The small handful of companies that make up the hyper-consolidated poultry processing industry rely heavily on contracted farmers—the farmers they pay raise the birds for them on their own farms throughout many regions of the South, the Midwest, and the Eastern Seaboard.
Now, after years of putting up with a system that “treats them like serfs,” contract poultry farmers across the U.S. are pushing back.
At the core of the issue is the tournament system, which evolved in the 1990s as a way for efficiency-hungry corporations to exert control over contracted farmers while maintaining the illusion of their independence. This payment scheme pits farmers against one another for the price they will be paid for raising poultry. The farmers who raise the most birds the fastest, and to the company’s specs, receive a bonus—but the company doesn’t pay it. Instead, that bonus comes out of the paychecks of the lower-performing farmers.

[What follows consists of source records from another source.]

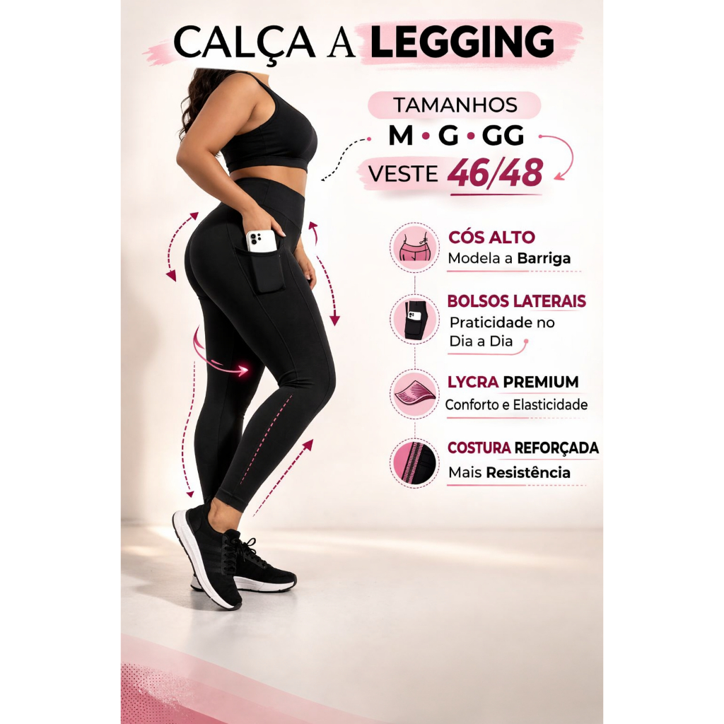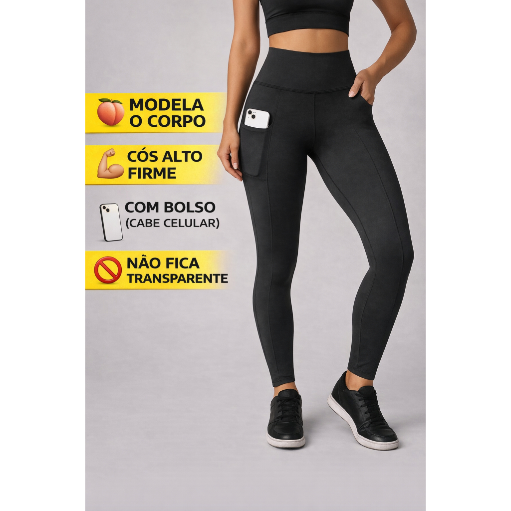 🖤 CALÇA LEGGING Cós Alto Zero Transparência Lycra Alta Compressão ELASTANO, Conforto, Firmeza e Modelagem perfeita par
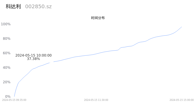 002850科达利2024年05月15日成交2.35万手,成交金额2.26亿元,相较昨日放量6834手,换手率1.22%,成交清淡。
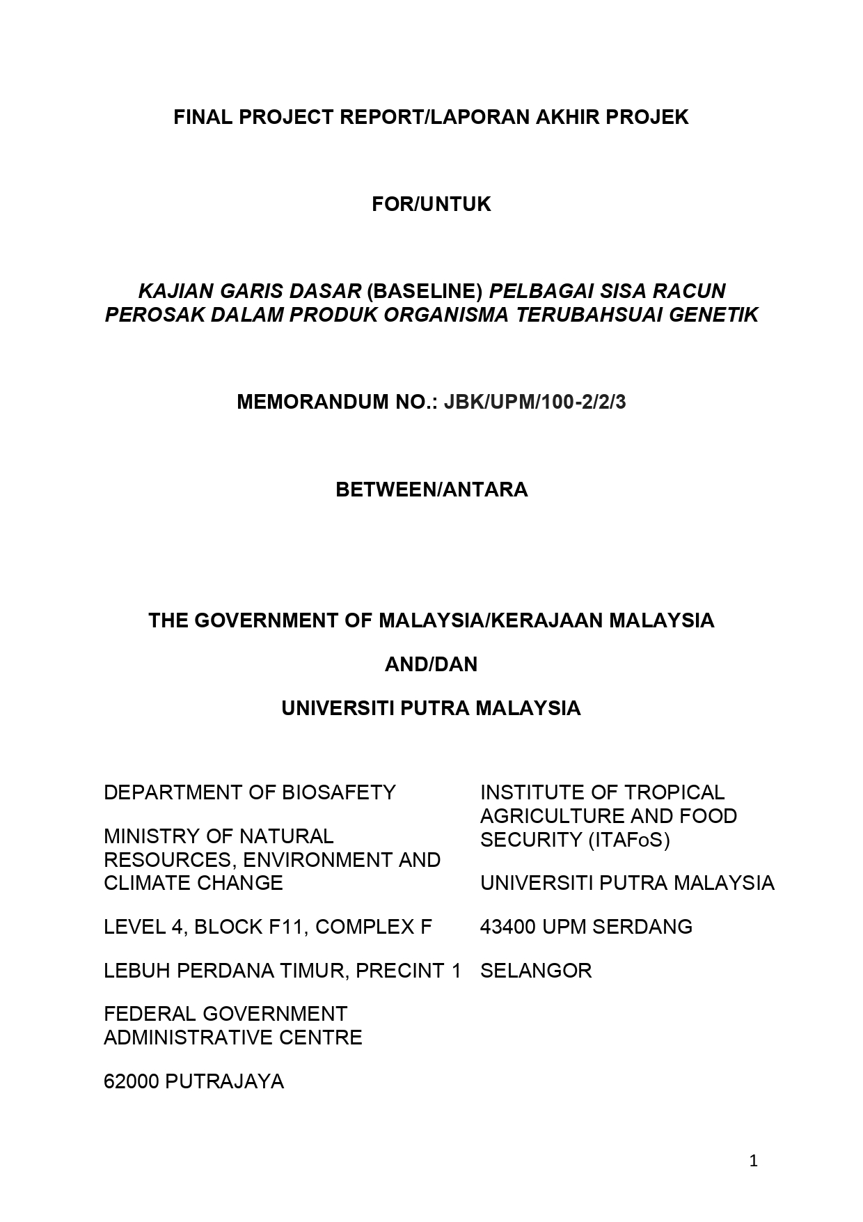 Profil Jabatan Biokeselamatan
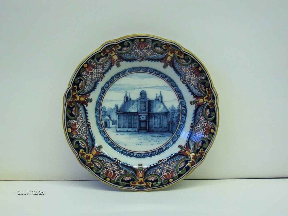 Gelegenheidsopdracht, relatiegeschenk. Bord, zevendelige veelkleurige rand, met afbeelding van gebouw
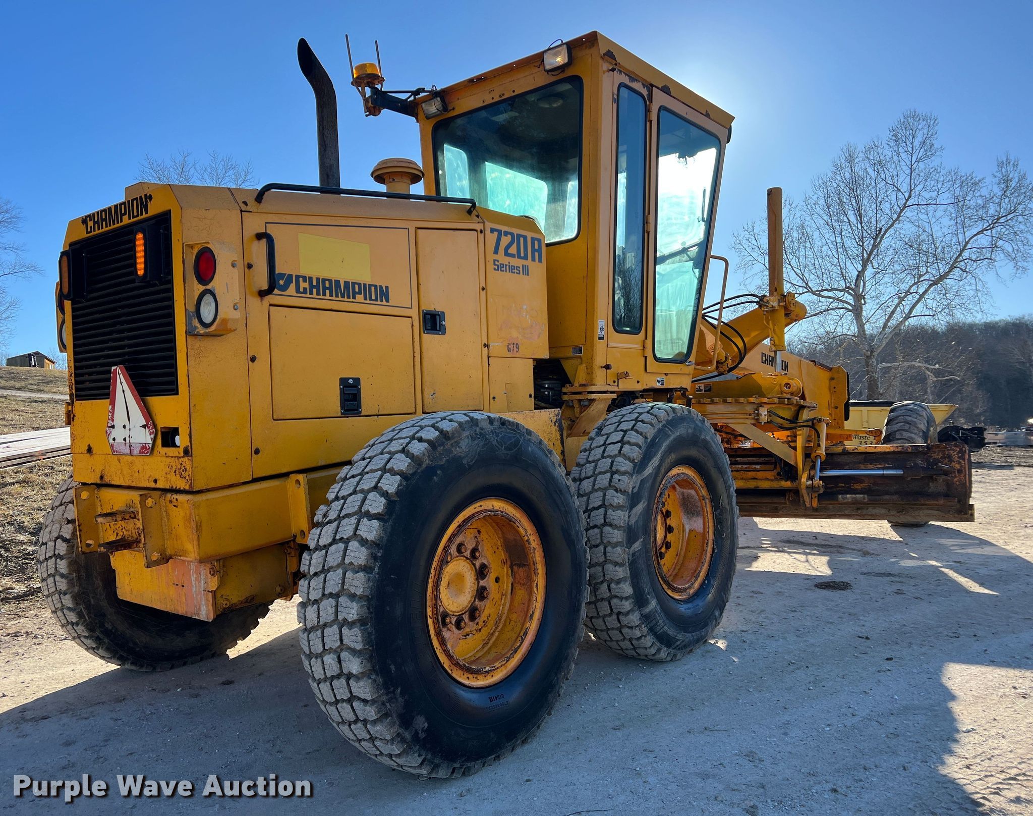 Purple Wave is selling a used Motor Grader in Missouri. This item is a 1993 Champion 720A Series III motor grader with the following: Hours: 6,937 on meter, Serial: 720A-187-1529-23322, Unit #: 8054
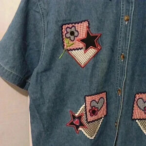 The shirt also has appliques and buttons as accents, adding a touch of elegance to the overall design. It is machine washable and perfect for any casual occasion. Available in size L, this button-down shirt is a must-have for any fashion-conscious woman.
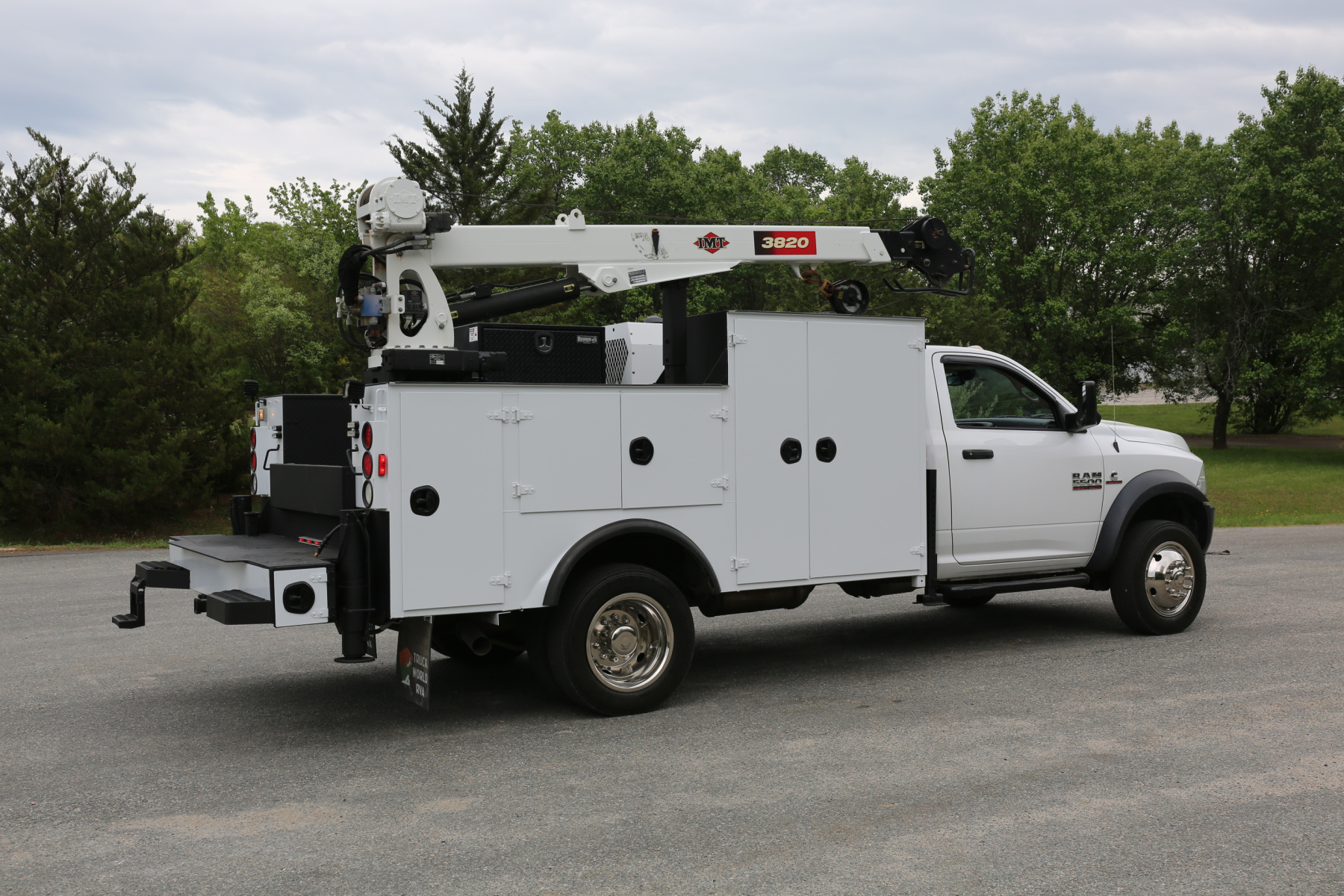 Workbench rear bumper with hydraulic outriggers, pass through bin storage, master bed locks, and rear work lighting.

And yet, growers ultimately have little control over the product. The poultry companies—such as Tyson, Cargill, and Pilgrim’s Pride—control all the inputs, such as the feed quality and the number and quality of the chicks, behind closed doors. This allows them to simultaneously control their contract growers and keep their own costs in check. The companies also dictate the need for expensive facility upgrades, which can drive growers deep into debt. “It’s not a good grower vs. bad grower scenario,” Eric Shafer, a Mississippi-based chicken contract grower, told us recently. “Ninety percent of what affects [chicken] growth development is a direct response to what the integrator provides.”
And as for those who speak up about this unfair dynamic? “If you don’t follow the company line,” Shafer said, “you’re going to get retaliation.” The corporations can easily and discreetly put any grower out of business by reducing the price per chicken, providing fewer chicks or less feed. Some growers we’ve heard from even believe the companies have demanded new upgrades as retaliation at times.
If the grower isn’t making enough income to cover their costs, there may not be another company in the region for them to work for. That forces them to stay on the company’s good side—or be left holding the bag for millions in loans.
The U.S. Department of Agriculture (USDA) has made several moves, beginning in 2010, to change the rules that allow poultry corporations to subject farmers to this system. The agency has also hosted listening sessions with producers who shared their stories about the tournament system on multiple occasions. But in each instance, the proposed rule change has been withdrawn or watered-down.
Then, last summer, President Biden issued an executive order promising to promote competition by controlling agriculture monopolies.
Now, the USDA is slowly cranking through two rulemaking processes that propose reforms to the tournament system—but even these proposals don’t go far enough. Big Chicken brazenly demonstrated the lengths it will go to in order to protect its bottom line: Mountaire, one of the largest chicken integrators in the U.S, was just caught pressuring its farmers to oppose the reforms.